Lawmakers have released a discussion draft of legislation to reauthorize user fee agreements (UFAs) for the Food and Drug Administration (FDA). The bill from the House Energy and Commerce Committee and the Senate Health, Education, Labor, and Pensions (HELP) Committee is bipartisan, and would give the FDA authority to continue collecting user fees from pharmaceutical and medical device manufacturers. The prescription drug user fee amendments (PDUFA), medical device user fee amendments (MDUFA), generic drug user fee amendments (GDUFA), and biosimilar user fee amendments (BsUFA), last authorized in 2012, all must be updated and reauthorized by Congress before the current user fee agreements expire on September 30. PDUFA VI would support patient-focused drug development, biomarker development and qualification, the creation and review of rare disease treatments, guidance for combination products, and the modernization of clinical trials. MDUFA IV will also focus on the collection of real world safety and effectiveness evidence, and improving the de novo device review process. GDUFA II aims to improve support for small businesses, and would establish priority review timelines. BsUFA II will continue to build the agency’s biosimilars program, and support guidance for product developers. If reauthorization does not occur before the August recess, the FDA will initiate procedures to notify more than 5,000 agency employees of possible lay offs. Both Republican and Democratic leadership on the authorizing committees have stressed the importance of completing their work prior to that point. User fees account for 70 percent of the brand drug review budget, 36 percent of the medical device review budget, 75 percent of the generic drug review budget, and 29 percent of the biosimilar review budget.

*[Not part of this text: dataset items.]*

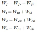需要学习的参数挺多的,同时也可以看到LSTM的输出h_t有四个输入分量加权影响,即三个门相关的 f_t i_t c_t o_t,而且其中权重W都是拼接的,所以在学习时需要分割出来,即
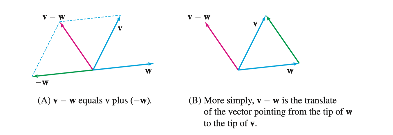 Shortcut: \(\mathbf{A} - \mathbf{B}\) 是从 \(\mathbf{B}\) 出发指向 \(\mathbf{A}\) 的向量,谁被减从谁出发
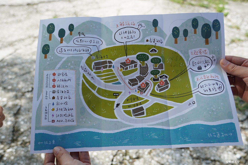 這裡的玩法很特別,沒有導覽員解說,只有一張地圖與任務卡。我們自己按圖索驥,去森林裡找尋部落的動物與故事。耳邊除了蟲鳴鳥叫,還有海浪的聲音在回應,那一刻我才發現,原來這片森林,就貼著東海岸。走著走著,森林步道的盡頭就是海,藍得美得讓人屏息。
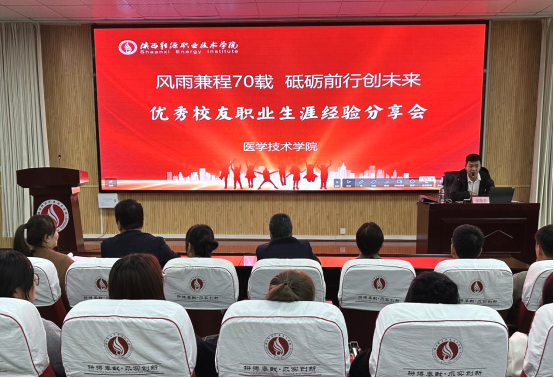 七秩芳华,盛世如约。为迎接学校建校70周年,不断提高人才培养质量,充分发挥优秀校友榜样引领作用,引导青年树立明确的职业发展目标,近日医学技术学院在咸阳、临潼校区举办“风雨兼程七十载 砥砺前行创未来”优秀校友职业生涯分享会。医学技术学院师生代表400余人参加活动。
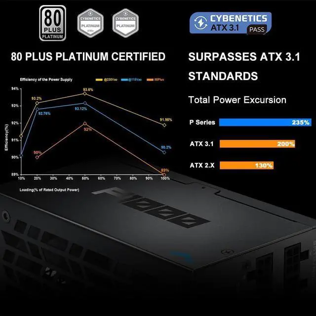 Crush Power Spikes with ATX 3.1: Designed to surpass ATX 3.1 requirements, this power supply delivers 200% power excursion at 100sensuring rock-solid stability for PCIe 5.1 GPUs and high-end CPUs under sudden loads.
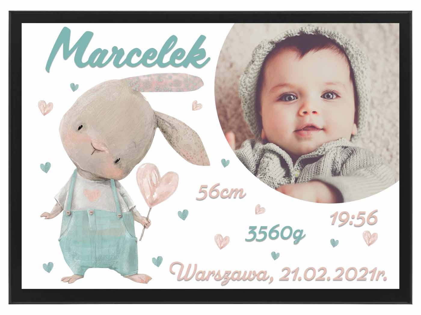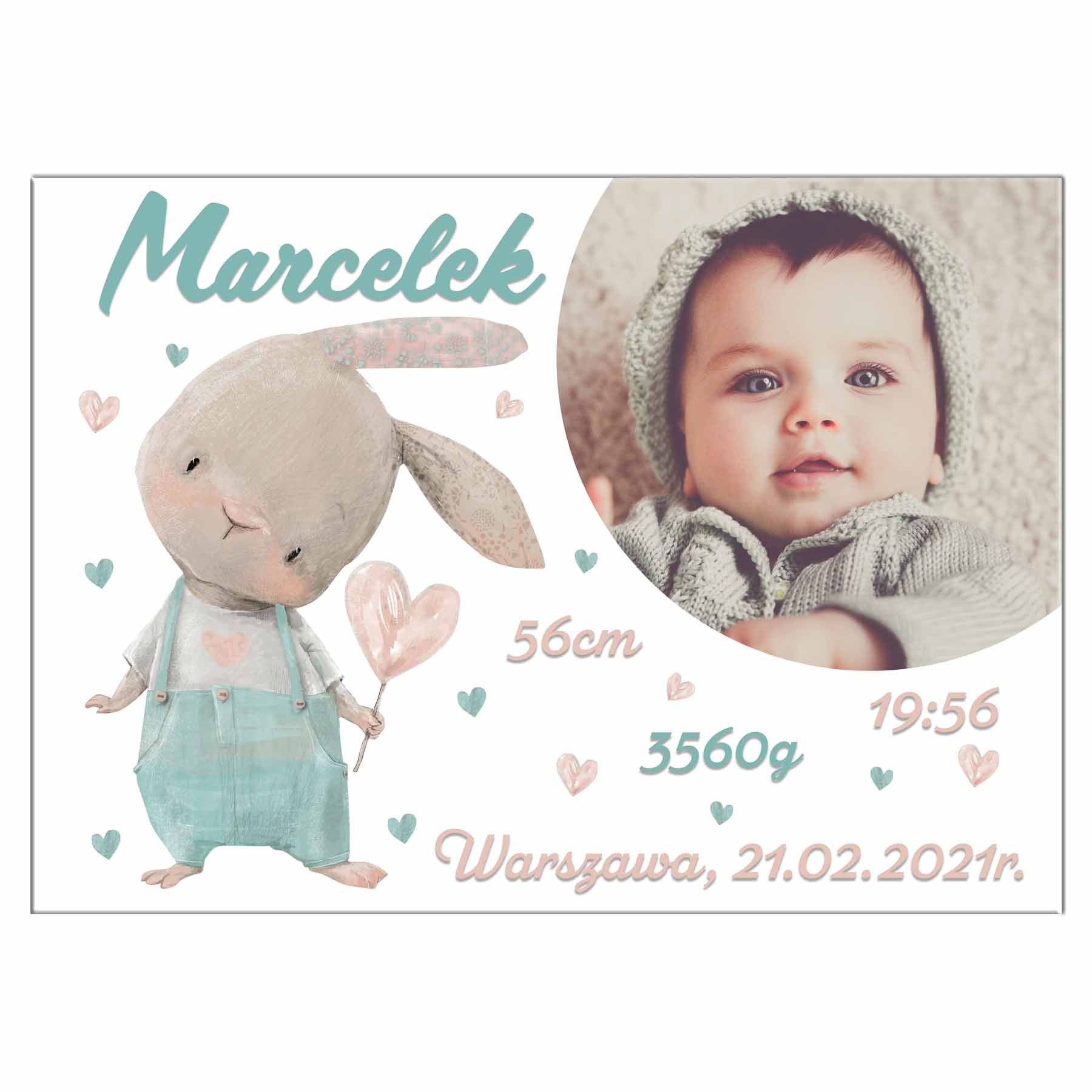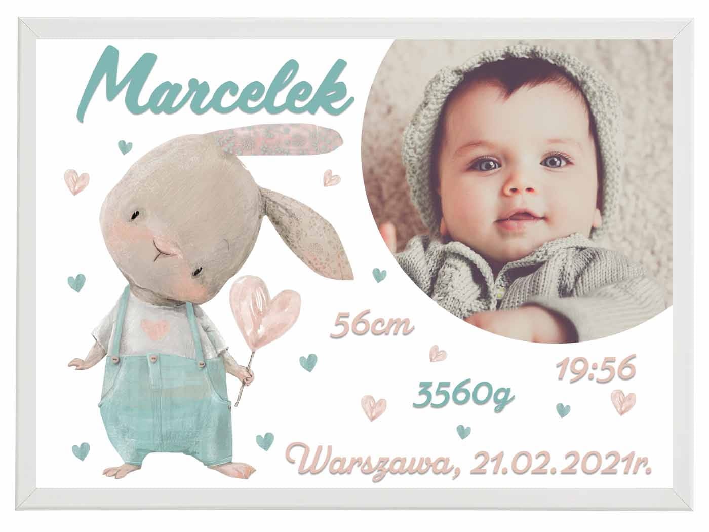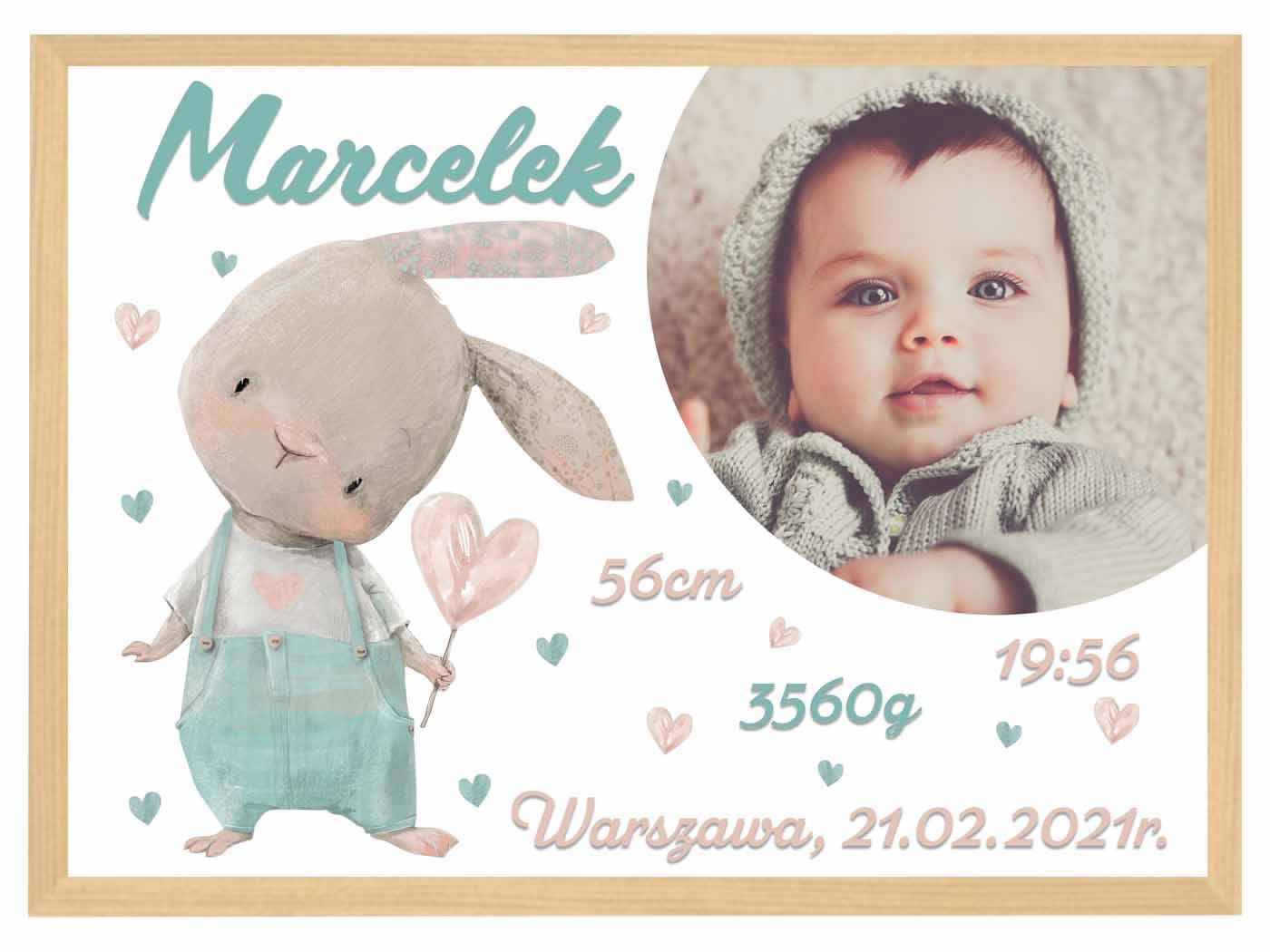 Metryczka ze zdjęciem - pastelowy Kacperek
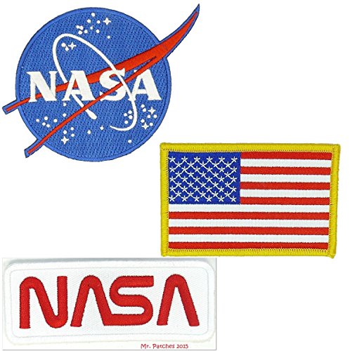 Nasa Blue Logo USA Flag Nasa White-Red Vector Space Shuttle Jacket DIY Embroidered Halloween Costume Badge Set of 3 Easy Iron/Sew On Patch
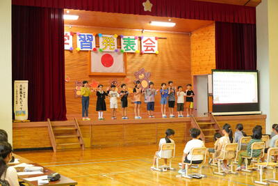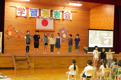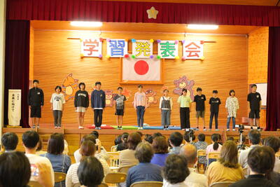 5・6年生。5年生は環境学習、6年生は平和についての学習を中心に発表しました。
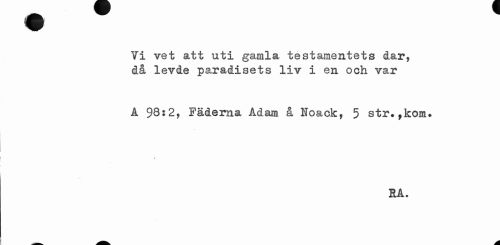 //// Yi vet att uti gamla testamentets dar, då levde paradisets liv i en och var //// A 98^2, Fäderna Adam å Noack, 5 str. fkom. //// RA. ////
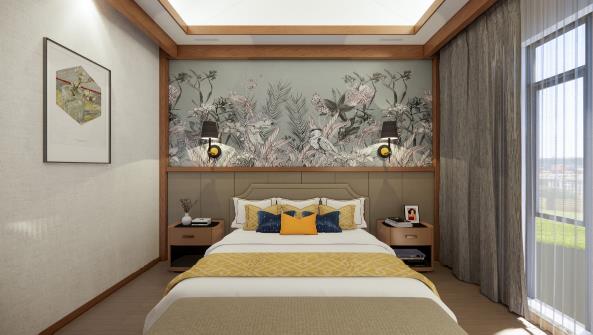 長(cháng)輩房從色調到裝飾頗具古典氣息,營(yíng)造出一個(gè)郁郁蔥蔥的自然之境。床頭的軟包設計,帶給空間更多的質(zhì)感。
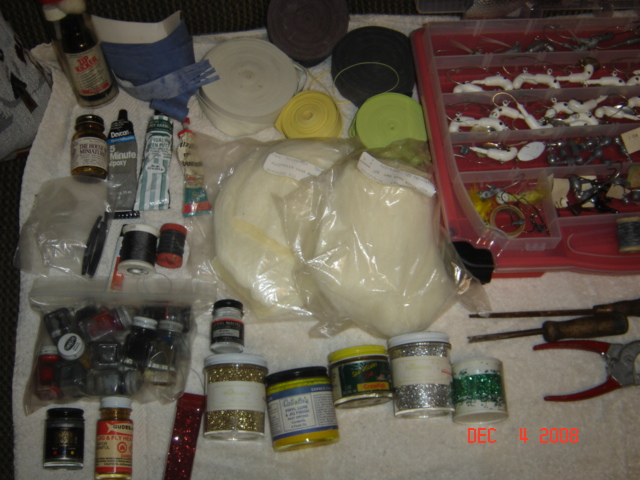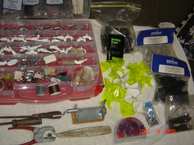 I am going to give everybody on here a chance to buy this lure making kit. I don't know much about any of it or what it is called but it came from my nephew. It has blades, White hair, wat to much to mention it also has the video and books to show you how to make them.Here is some pictures. I will ship if the buyer pays shipping if it don't sale in a few days I will put it on ebay. Lets here some offers.
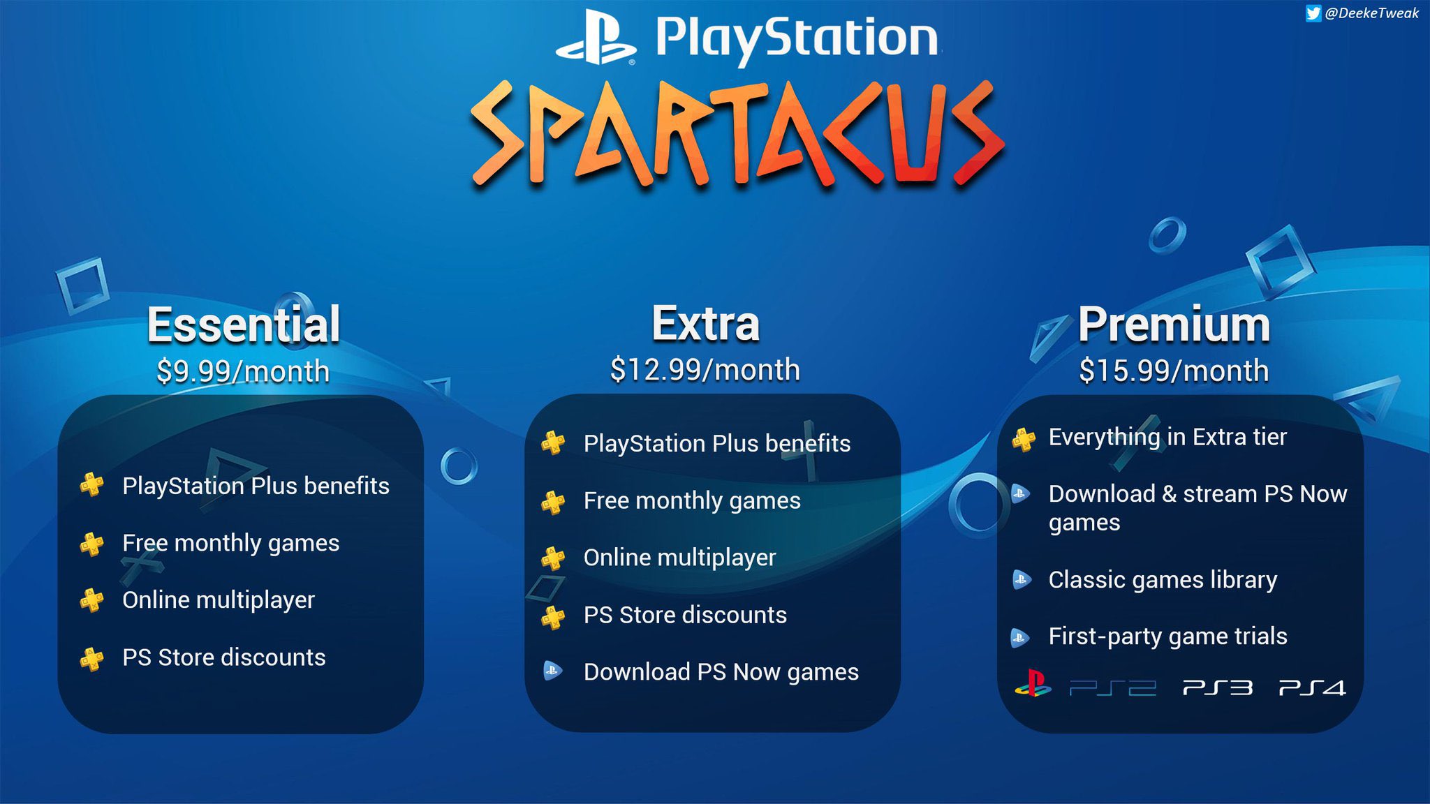 Projekt Spartacus od Sony by mal byť odpoveďou na službu Game Pass od Microsoftu, ktorá umožňuje za mesačný poplatok využívať a hrať veľkú knižnicu hier, vrátane first party titulov. Spartacus by mal byť obdobným projektom, kde chce Sony hlavne spojiť do jednej služby Playstation Plus a streamingovú službu Playstation Now. Podľa informácií by mala mať tri úrovne, spoplatnené za 10, 13 a 16 dolárov za mesiac.

Bipartisan Opioid Legislation Introduced in Senate

Sens. Kirsten Gillibrand (D-N.Y.) and John McCain (R-Ariz.) introduced S.892, the Opioid Addiction Prevention Act a bill aimed at reducing opioid misuse and addiction. The legislation would limit opioid prescriptions for acute pain to seven days. The limit would not apply to treatments for cancer care, palliative care, hospice, or end-of-life care. The bill is modeled after legislation that has been passed in several states, including New York and Arizona. Medical professionals would be required to certify, as a part of their Drug Enforcement Agency (DEA) registration, that they will not prescribe an opioid as an initial treatment for acute pain in an amount that exceeds a seven-day supply, and may not provide a refill.

White House Appoints Drug Czar

Rep. Tom Marino (R-Pa.) will leave his position as a member of the House of Representatives to lead the Office of National Drug Control Policy. Rep. Marino has served in the House since 2011, and has been a member of the Judiciary Committee as well as the Energy and Commerce Committee, which has worked to combat the opioid epidemic.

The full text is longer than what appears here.